A possible explanation for high-income countries being assigned a low-ID manifold arises after identifying a link between high-income countries, aging populations, and increased per capita mortality burden. Namely, since new deaths pmp are a subset of new cases pmp, increased new deaths pmp in high-income countries may provide explanatory power to new cases pmp, resulting in greater dependency between the two time-series datasets and thus requiring a lower ID. Conversely, lower rates of reported new deaths pmp in low-income countries would lower the dependence in the entire dataset included in the analysis requiring a higher number of dimensions to represent the data accurately.

Furthermore, issues in data quality in COVID-19 data in low- and middle-income countries are widely researched. They may be another factor contributing towards the existing distribution of countries and corresponding designations to ID manifolds^45,50 identifies that under-reporting in deaths varies globally but is highest in low-income and fragile settings. Such data artifacts could lead to a higher number of unexplained values, thereby lowering the dependence in the dataset and requiring more dimensions to describe the data effectively.

Changes in ID over stages of the COVID-19 pandemic

Stratifying the datasets has provided a granular view of the ID over the course of the pandemic, and a summary of the results for each stage is presented in Figs. 5, 6, 7 and 8.

We can observe that countries lie between 2 to 3 ID manifolds throughout the pandemic. From March to June 2020 (Stage 1), manifolds have a similar ID which could reflect a generally united global response to the pandemic (Fig. 5, $d_1 = 9, d_2 = 8.6$). In June 2020 to October 2020 however, we find that the data lies on 3 different manifolds (Fig. 6, $d_1 = 10, d_2 = 9.2, d_3 = 9.75$). These 3 ID manifolds continue from October 2020 to February 2021, with all 3 manifolds lying on an ID between 9 and 10 (Fig. 7, $d_1 = 10, d_2 = 9.2, d_3 = 9.75$). Countries belonging to the manifold with the ID of 5.9 are mostly European (e.g., France, Italy). These countries experience a rise in the growth rate of cases and deaths, which precedes a corresponding rise in countries lying on the manifold with an ID of 6.9 (e.g., US, Spain, UK, Russia). Meanwhile, other countries with an ID of 9.2 continue to experience the average growth rates in cases and deaths (e.g., Australia, China, India, and much of South America). Finally, from February to May 2021, some countries lie on one clear manifold, with an ID of 7.5 (Fig. 8, $d_1 = 7.5, d_2 = 6.4$).

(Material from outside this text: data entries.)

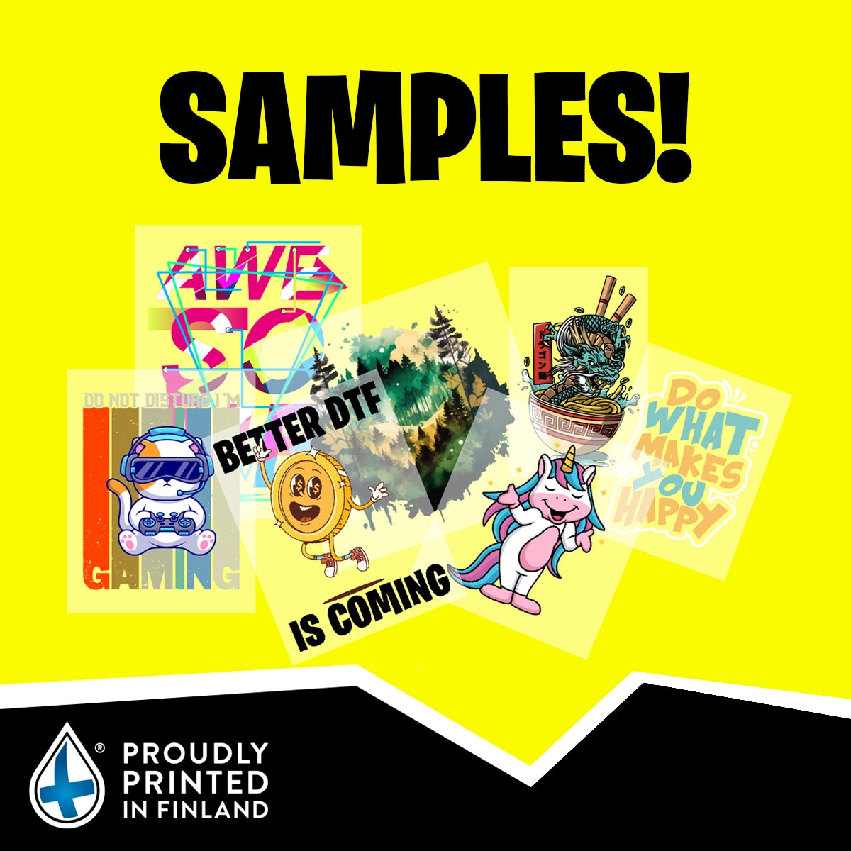 The production of ready-to-use DTF-transfer images is our core activity. Our production and pick-up points are located in Tampere, Turku and Vantaa!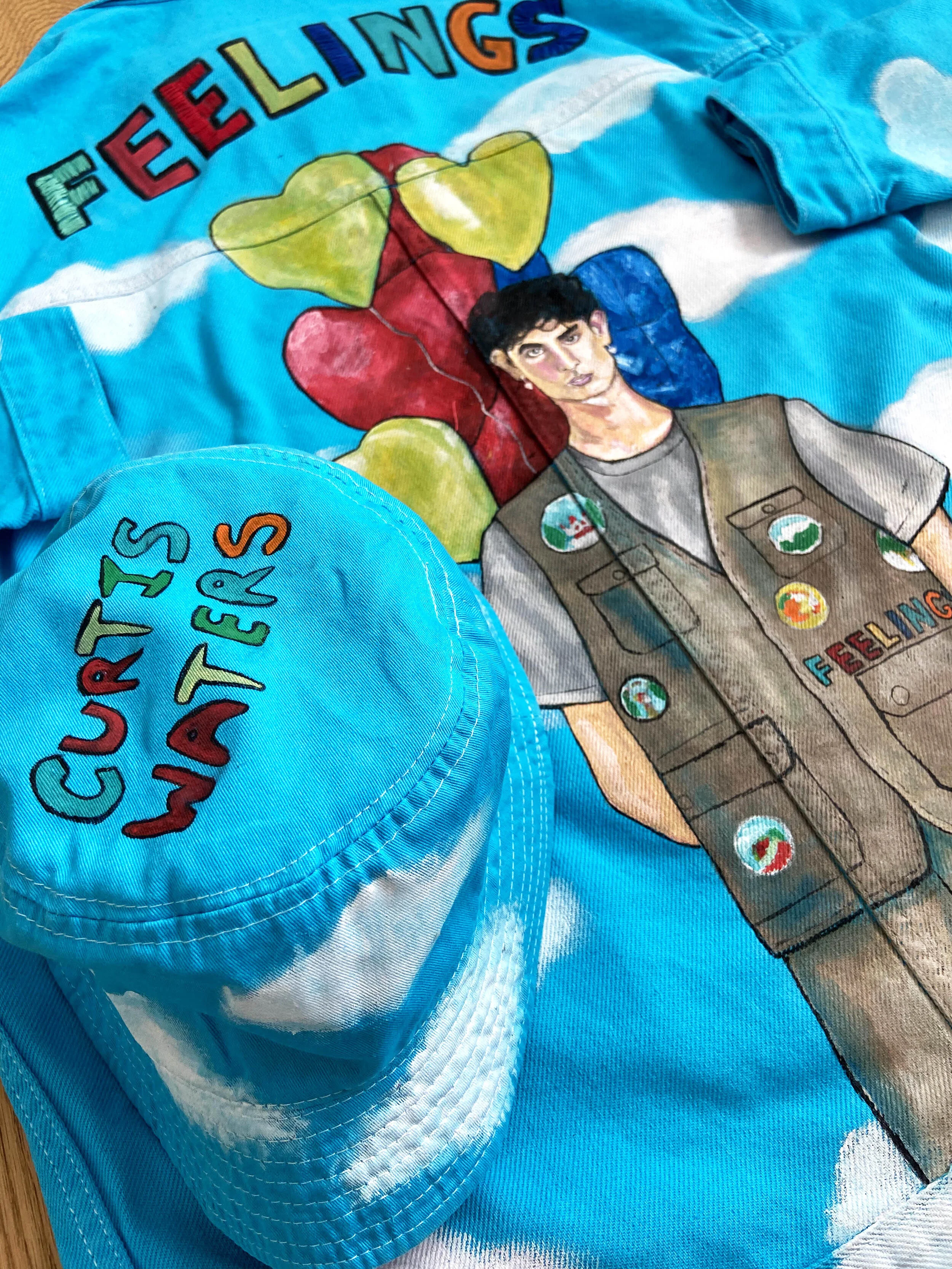 Curtis Waters hand made denim jacket and bucket hat, bucket hat can also be personalised- click here for this option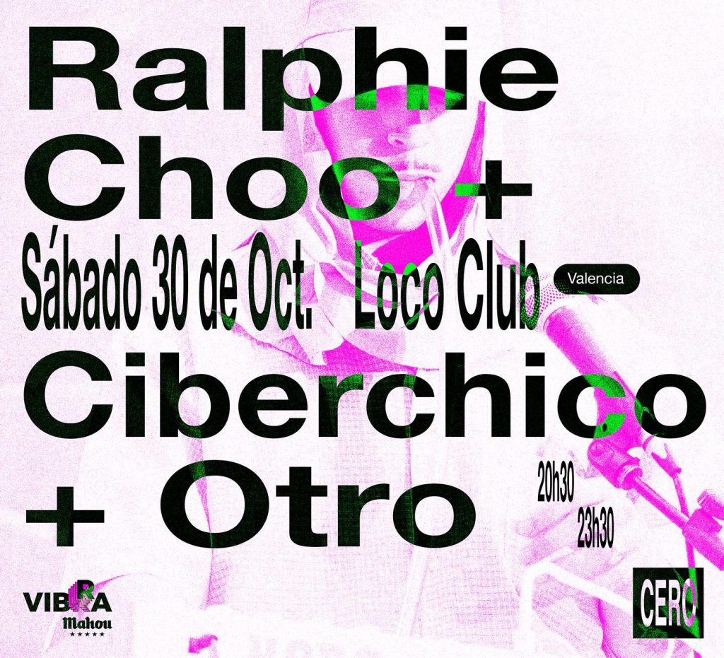 Desde @cero.en.conducta siguen apostando por el directo en sala, por el talento emergente, local, nacional e internacional y desde esa perspectiva presentan el concierto en sala de Ralphie Choo, Ciberchico y Otro.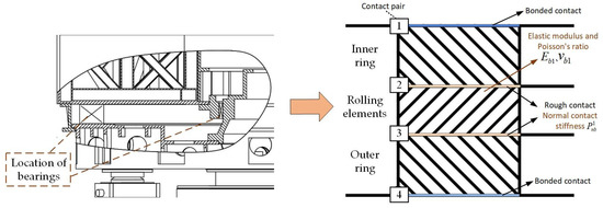 In accordance with the preceding description, the bearing unit has been reduced to three solid rings, which correspond to four contact pairs. Contact pair 2 between the inner ring and rolling elements and contact pair 3 between the outer ring and rolling elements are of the same contact type and are both set to a rough contact type that permits normal separation and greater friction in the tangential direction (specifies asymmetric contact behavior, using augmented Lagrange contact algorithm). The contact types of contact pair 1 and contact pair 4 between the inner and outer rings and the fixed surface are identical; they are both set to a bonded contact type that prohibits normal and tangential separation, and the Multi-Point Constraints (MPC) contact algorithm is implemented. The elastic modulus and Poisson’s ratio are assigned to the ring of rolling elements, and the normal contact stiffness is assigned to each contact surface of contact pairs 2 and 3.

Implications and future research

We have successfully identified heterogenous ID manifolds for a dataset incorporating publicly available COVID-19 data such as government stringency levels, cases, and death rates per capita utilising Hidalgo, a Bayesian mixture model. Applying this model to the dataset reveals low intrinsic dimensionality, highlighting a potential for significant dimensionality reduction in the dataset. These findings suggest that few independent dimensions are required to effectively describe the dataset, enabling practitioners to discern better the level of model complexity required when describing or forecasting such data.

Furthermore, we demonstrate how heterogenous ID estimators like Hidalgo may be employed to partition and simplify high-dimensional datasets. We reveal interesting spatial and demographic patterns in data that capture the unfolding of the global pandemic. It may be valuable for practitioners to consider these tools as part of their arsenal, to quantify data complexity and heterogeneity meaningfully, as part of a quest to effectively extract useful information contained in high-dimensional data.

Ultimately, the results of this analysis are subject to the quality of data available. While every effort has been made to correct for issues in the data, the inherent discrepancy in data quality across countries inevitably affects the results of this analysis. As previously ascertained^45,51, it is currently infeasible to account for all under-reporting and data quality issues for specific countries and therefore remain an artifact in this dataset. It is also important to note that inherent assumptions in the Hidalgo algorithm require a careful choice of datasets in addition to some scaling transformations to limit temporal autocorrelation. These requirements limit the immediate applicability of Hidalgo for time series datasets as analysis must be conducted on standardised first-order differences with continuous values (e.g. new cases pmp, new deaths pmp), precluding practitioners from considering more intuitive datasets like cumulative cases or deaths.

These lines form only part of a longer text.